While I’m aware those models aren’t limited or bound to Ollama, is Ollama still the way I interface and use them? Here I try to keep notes on how I use certain models and what I like or dislike about them.
This is purely a subjective view, there are many attempts at objectively measuring the performance of models. This is not it.
| Model | VRAM Size | Quantization | Remarks from my personal experience |
|---|---|---|---|
| gemma3:27b | 20627.03 MB | Q4_K_M | 📕 When using Gemma 3 to correct my English, I see that the text it creates, while grammatically correct, no longer means the same thing. Therefore, I prefer Gemma2 for correcting English as it does it well and preserves the content and writing style more. 👁🗨 Supports vision |
| gemma2:27b | 19903.46 MB | Q4_0 | 📕 Very good in fixing English or German texts. ⭐This is my most used and favorite model at the moment. |
| mannix/gemma2-9b-simpo:latest | 9080.95 MB | Q4_0 | 📕 Very good at translating into English and fixing English. |
| qwen3:32b | 24773.64 MB | Q4_K_M | |
| qwen3:30b-a3b | 20293.31 MB | Q4_K_M | For fast answers |
| deepseek-r1:32b | 22385.44 MB | Q4_K_M | |
| mistral:7b | 6095.05 MB | Q4_0 | 📘 An efficient and cheap model that stays truer than others when summarizing texts when processing time is an issue. I did summarize over 300’000 text samples in around ~400 hours. |
| falcon3:10b | 8176.71 MB | 8176.71 MB | |
| llama3.1:latest | 6942.47 MB | Q4_K_M | |
| llama3.2:latest | 4090.59 MB | Q4_K_M | |
| llama3.2-vision:latest | 11696.27 MB | Q4_K_M | 👁🗨 Supports vision |
| devstral:latest | 16035.07 MB | Q4_K_M | Devstral is built under a collaboration between Mistral AI and All Hands AI 🙌 Devstral is light enough to run on a single RTX 4090 or a Mac with 32GB RAM, making it an ideal choice for local deployment and on-device use. |
| Osmosis/Osmosis-Structure-0.6B:latest | 2,905.68 | unknown | A specialized small language model (SLM) designed to excel at structured output generation |
| bge-m3 | 1690.55 MB | F16 | 🎯 This is an multi-language embedding model the model of choice for my RAG. I usually combine it with Qdrant ⭐This is my most used and favorite embedding model at the moment. |
Reflection on what I run on Ollama
In this section, I will reflect on my actual usage. Read more about this graphs.
Week 18 (2025)
I’m a user of all kinds of AI, including OpenAI ChatGPT or Anthropic Cloud. Potentially soon also Grok API via Azure. But for some data I process locally as I don’t want to send the data to the APIs of those companies, as well as for my personal learning journey. We see this week large usage of Mistral:7B. I like to use Mistral:7B summarization when power consumption is an issue. As I was processing a hundred thousand entries, I was using Mistral:7B over Gemma2:27B for keeping the accuracy relatively well while being able to process in OK time on my Mac.

Week 19 (2025)
I’m a huge fan of gemma2:27b and was excited with the release of gemma3:27b. However, after testing and comparing both models, I like gemma2:27b because on my summarization and translation workflows it proved to create results closer to what I expected.
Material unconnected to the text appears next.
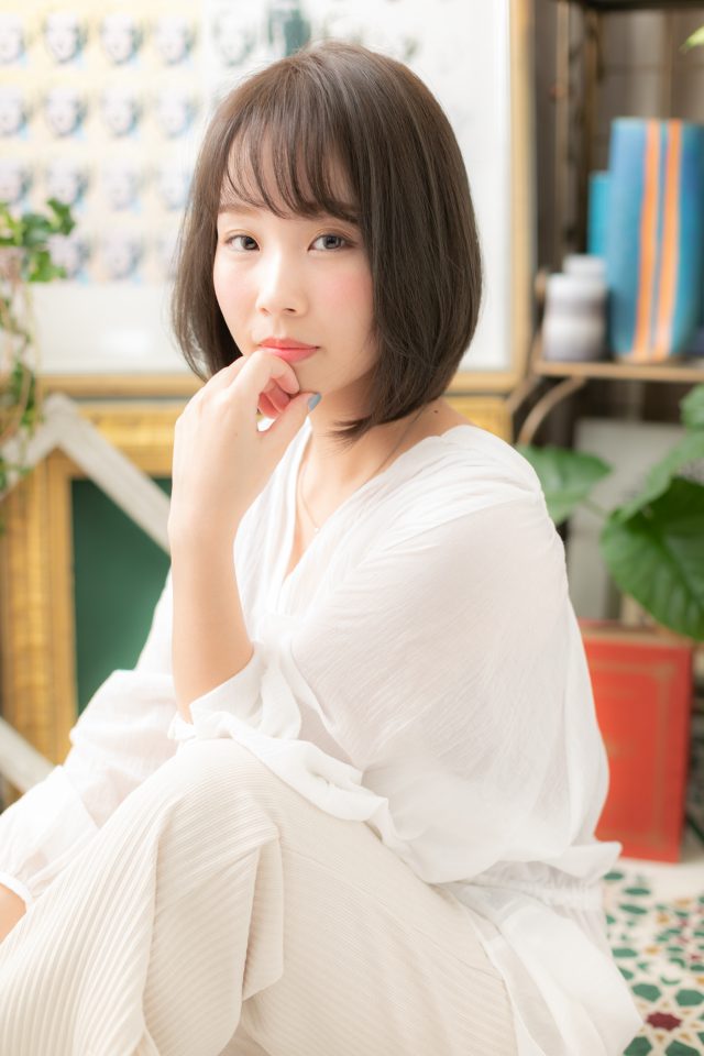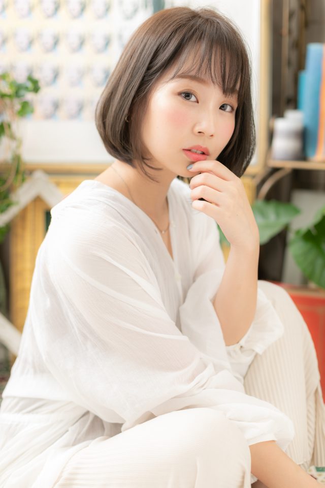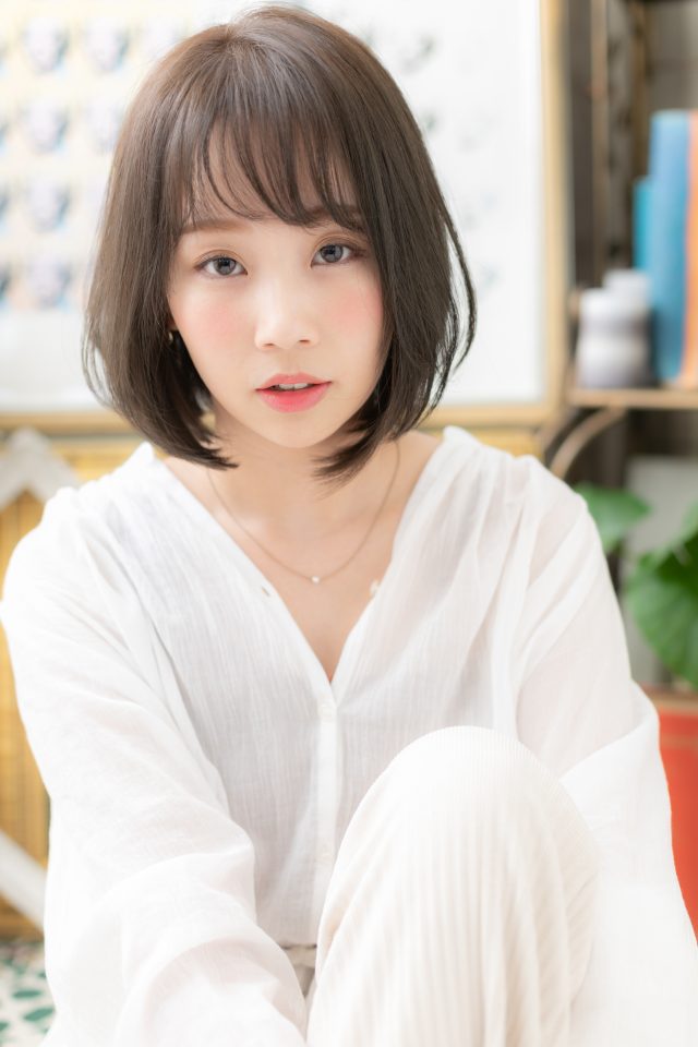 シンプルな黒髪ナチュラルボブは、シースルーバングとレイヤーカットで軽さとニュアンス感ある動きを演出し、大人女子のコーデを完成!トリートメントしたようなカラーリングで髪の毛の悩みも解決!人気のカラーもおすすめ!(メイク担当:北浦和店棟方)

Gemma3:27b did a lot more “creative” changes and even changed the context in unintended ways.

Week 20 (2025)
I more or less abandoned my summarization and translation workflow attempts with gemma-3b:27 and switched back to gemma-2:27, which is a kickass model. I also updated the Qdrant vector database with new content, where my go-to model is bge-m3:latest.
I was also exploring the new model qwen-30b-a3b, but couldn’t find a use case for it. But always good to see and try.

Week 21 (2025)
This was more or less a regular week with large summarization jobs running on my still favorite model, Gemma 2:27B.

Week 22 (2025)
We see two new models on the list. I was playing with devstral:latest, a derivative of Mistral tailored for coding. I used it in conjunction with AllHands, which gives a chat interface to build your applications. This was my best outcome to date with local, limited processing code generation.
In general, however, we see that my regular summarization and translation workflow is still processing the bulk of the time using Gemma2.

Week 23 (2025)
This was not a good week for my Mac. After a power outage from a storm, I lost access for about five days. Therefore, fewer workloads were processed this week, and nothing new could be tested. I was forced to use low-power Gemma 2 models and found that they are not up to the task. Below Gemma:12b is pretty much not usable for translation and summarization in my case. I’m happy my Mac is now working again.

Week 24 (2025)
Just a very regular week, but also comparing some Gemma again. But it just can’t convince me.

Week 25 (2025)
I did some experimentation in understanding tasks from tickets using reasoning models. My favorite for local hosting remains deepseek-r1:32b.

Week 26 (2025)
Just a boring week.

Week 27 (2025)
I didn’t have time and need to use an LLM this week.

Week 28 (2025)
I didn’t have time and need to use an LLM this week.

Week 29 (2025)
After the quiet two weeks, I rerun summarization and translation workflows to catch up on missed updates.

Week 30 (2025)
It was a rather quiet week, I accumulated a large backlog of translations and summaries and did not have enough time to lower it. Also, I read about the newly released model Mistral-Small 3.2:24B but did not find a use case yet.

Week 31 (2025)
I went on the hunt for a more efficient model for my use case of summarization and translation. I used LM Arena to determine users’ favorites with a lower parameter size. My current favorite model is gemma2-24b, now I switch to gemma2-9b-simpo in the hope of gaining similar results with less power.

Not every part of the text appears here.